The post office is located in part of the Cross Keys Hotel building in the village . . .

. . . and was quite busy, so Mrs Tootlepedal had to wait in a queue before she could send off her parcel.

It had been a day of light clouds, warm but not too hot, just right for cycling, but the light was fading a bit as we cycled home by a different and slightly shorter route. It was a pity that there was not some better light, because the sharp eyed Mrs Tootlepedal spotted some chicory on our way to the Hollows, and I would like to have taken a better picture of this pretty flower.

To have one social ride in a day is a pleasure, but to have two in the same day was most unusual and very welcome. It made the 28 miles pass very pleasantly.

In all this composting and bicycling about, I didn’t get much time to watch the birds, so a rather muddy back view of a siskin is the best that I could do for the flying bird of the day.

Footnote: I did go out into the garden when we got back from Canonbie to try find a late flying bird, but all the possible candidates were on sit down strike and refused to fly at all.

Published by tootlepedal

Cyclist, retired teacher, curmudgeon, keen amateur photographer.

29 thoughts on “Two social cycles

  1. It’s good to hear that Sandy can get out again. He’s had quite a time by the sounds of it.
    The marsh woundwort is a pretty flower. I’ve read that it has been introduced here but I’ve never seen it.
    The vegetable garden looks great and I’m sure the fine looking compost is the reason for it.

  2. The verbascum saga is most unusual – it would be interesting to trace the its movements in a time-lapse video.

    Good to see Sandy out on a bike ride with two working feet!

    And the fbotd might be static, but the three black and whites are very striking.

  3. Sandy has chosen a good way to recover, taking things easy and stopping along the way to enjoy wild flowers and eat bilberries.

    I agree, a time lapse video of the verbascum would be interesting. It now looks like a snake about to strike.

  4. Your vegetable garden is impressive. In addition, I found the pictures of your compost bins very interesting. So far, I’ve just got a Bin A. I haven’t had a chance to gain much knowledge about composting yet, this being my first try at it. Regardless, at least I have the beginnings of the process going.

      1. Being retired, time is what I do have, although most days it seems like I need double the hours. Once I have my drip irrigation system in, my time spent watering will be saved.

  5. Never heard of anything more original than a “a fly-in pancake breakfast” ๐Ÿ™‚ Wauw !!
    You have realy magical verbascums….
    The spot you picked for a break looks very nice too.

  6. The Verbascum is most impressive. It is heartening to know that Sandy can venture forth at last. The vegetable garden looks very productive indeed!
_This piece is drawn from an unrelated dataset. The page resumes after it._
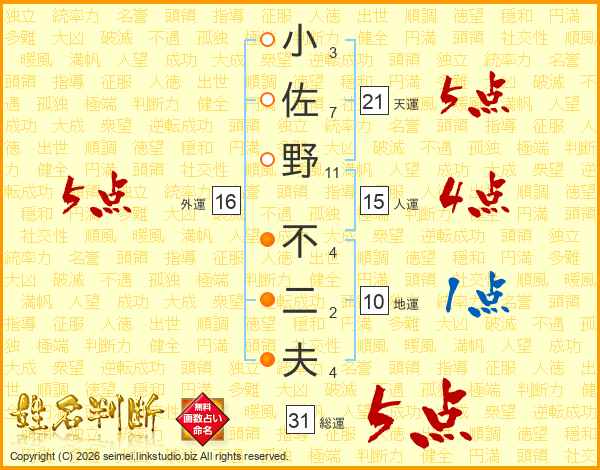小佐野不二夫さんの総運は31画の5点!

  7. Impressive compost – quantity and quality. Number Two Son tells me that it is possible to drive all day in Canada without the view changing, so I see the attraction of having a plane.

  8. How lovely to have your pal Sandy on a cycle ride with you. You spotted some fine wildflowers on the way round too. Compost looks wonderful no wonder your veg patch is doing so brilliantly.

    1. I would like to claim all the credit for the compost but other commercially available products may have been deployed by the gardener as well. She likes to dish out a little soluble plant food where necessary.